Abstract:

The diminishing returns of semiconductor technology scaling in terms of power reduction is forcing the electronics industry to shift from the traditional approach of using a few centralized static power supplies to power a System-on-Chip (SoC) to a numerous distributed dynamic power supplies approach. In this approach, the SoC is divided into sub-components, each with its own independent on-chip power supply that is dynamically adapted to the real-time demand of each sub-component. As a result, the overall power consumption of the SoC can be significantly reduced. However, such approach requires a large number of dynamic on-chip power supplies, and it becomes quite challenging to implement them in a size- and cost-effective manner while also maintaining high power conversion efficiency, particularly in nanometer CMOS technologies where the voltage rating of transistors is quite low compared to Li-Ion battery levels. This tutorial will present the various techniques used to implement a large number of on-chip dynamic power supplies in mixed-signal SoCs, along with a discussion of the advantages and shortcomings of each technique taking into account factors such as design complexity, silicon area, efficiency, and passive components requirements. The tutorial will start with a brief overview of the concept of distributed dynamic powering of SoCs, followed by a short review of the basic operation of buck converters and the role of the switching frequency in the dynamic behavior and passive components sizes. The tutorial will then focus on high frequency buck converters with on-chip passives, and multi-frequency SIMO buck converters with on-chip outputs. This includes techniques for implementing on-chip inductors and capacitors, power switches, and gate-drive circuits. The tutorial will be concluded with a brief discussion of future trends and the likelihood of various techniques to be adopted in the industry.

Biographies

• Ayman Fayed

  received his M.Sc. and Ph.D. degrees in Electrical & Computer Engineering from The Ohio State University in 2000 and 2004 respectively. From 2000 to 2009, he held several technical positions in the area of analog and mixed-signal and power management IC design at Texas Instruments Inc., where he contributed to many product lines for wire-line, wireless, and multi-media devices. From 2000 to 2005, he was with the Connectivity Solutions Dept. at TI, where he worked on the analog frontend design of various high-speed wire-line transceivers, and on fully integrated switching/linear regulators and battery chargers for portable media players. From 2005 to 2009, he was a member of the technical staff with the wireless analog technology center at TI, where he worked on delta-sigma data converters for various wireless standards, and on the development of fully-integrated power management solutions for mixed-signal SoCs with multi-RF cores in nanometer CMOS. Dr. Fayed joined the Dept. of Electrical & Computer Engineering at Iowa State University in 2009, where he held the Northrop Grumman Assistant Professorship.
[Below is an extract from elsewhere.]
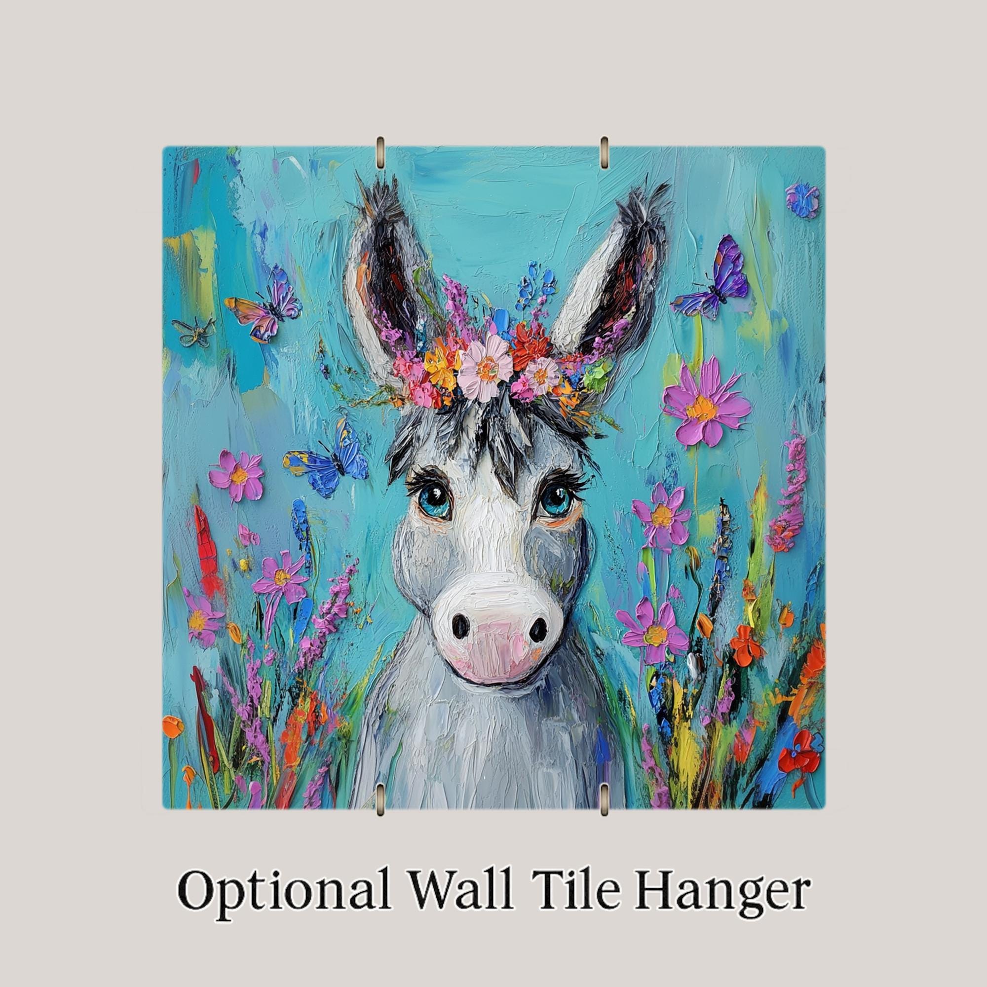 Add a burst of happiness to your country home with this whimsical floral donkey ceramic tile. This delightful farm animal artwork features a friendly donkey with big blue eyes and a crown of wildflowers, surrounded by fluttering butterflies and a sea of colorful blooms. With its pastel palette and playful style, it's the perfect mix of cottagecore charm and farmhouse flair.

He then joined the Dept. of Electrical & Computer Engineering at The Ohio State University in 2015 as an associate professor. He is the founder and director of the Power Management Research Lab (PMRL) and his current research interests include on-chip power grids for dynamic energy distribution in highly-integrated systems, high-frequency switching regulators with on-chip and on-package passives for SoCs, low-noise power supplies and power supply modulators for analog and RF circuits, energy-harvesting and battery charging platforms for power-restricted & remotely-deployed systems, and power conversion in emerging technologies. Dr. Fayed is a senior member of IEEE, an associate editor for IEEE TCAS-I and previously for TCAS-II, and serves in the technical program committee of RFIC, ISCAS, and the steering committee of MWSCAS. He is the author/co-author of many publications in the field and holds 10 US patents. Dr. Fayed is a recipient of NSF CAREER Award in 2013, and a co-recipient of the 2015 Darlington Best Transactions Paper Award from the IEEE Circuits and System Society.